**Work request:**
Transcribe all data verbatim. Skip the pictures.

**Supplied material:**
*-*-*

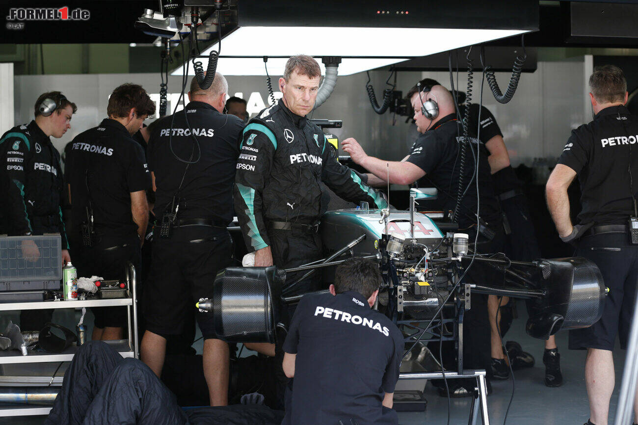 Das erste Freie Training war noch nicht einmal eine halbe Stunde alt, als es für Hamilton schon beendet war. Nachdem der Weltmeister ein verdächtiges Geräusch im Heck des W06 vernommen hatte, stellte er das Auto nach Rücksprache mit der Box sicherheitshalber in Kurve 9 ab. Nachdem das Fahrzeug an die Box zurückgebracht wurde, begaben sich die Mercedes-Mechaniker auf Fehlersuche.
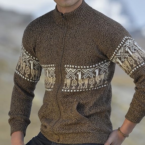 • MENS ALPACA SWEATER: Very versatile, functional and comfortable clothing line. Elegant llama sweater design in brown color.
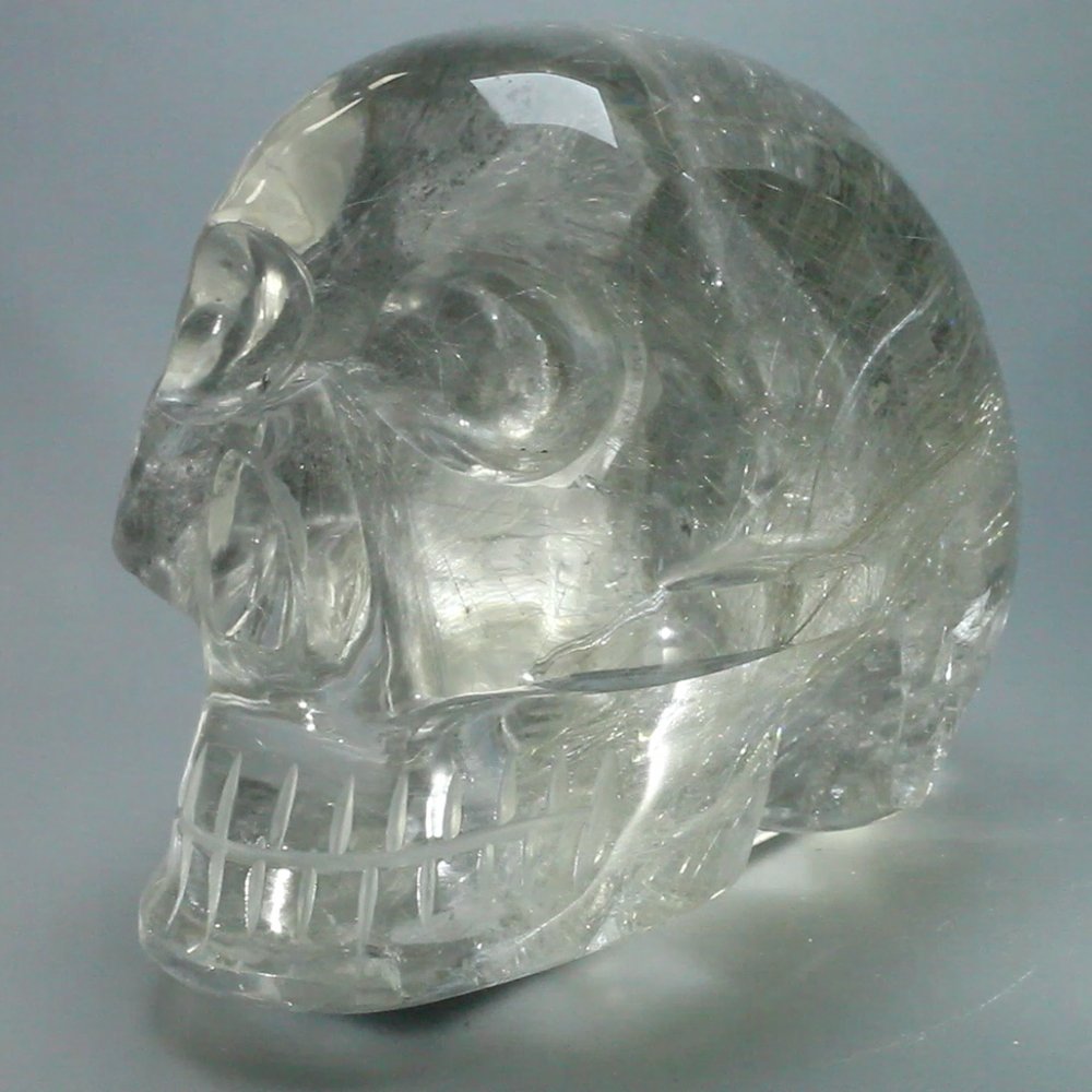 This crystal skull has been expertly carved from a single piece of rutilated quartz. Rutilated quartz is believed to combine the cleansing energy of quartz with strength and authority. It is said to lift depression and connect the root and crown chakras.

*-*-*

**Reply:**
 Das erste Freie Training war noch nicht einmal eine halbe Stunde alt, als es für Hamilton schon beendet war. Nachdem der Weltmeister ein verdächtiges Geräusch im Heck des W06 vernommen hatte, stellte er das Auto nach Rücksprache mit der Box sicherheitshalber in Kurve 9 ab. Nachdem das Fahrzeug an die Box zurückgebracht wurde, begaben sich die Mercedes-Mechaniker auf Fehlersuche.
 • MENS ALPACA SWEATER: Very versatile, functional and comfortable clothing line. Elegant llama sweater design in brown color.
 This crystal skull has been expertly carved from a single piece of rutilated quartz. Rutilated quartz is believed to combine the cleansing energy of quartz with strength and authority. It is said to lift depression and connect the root and crown chakras.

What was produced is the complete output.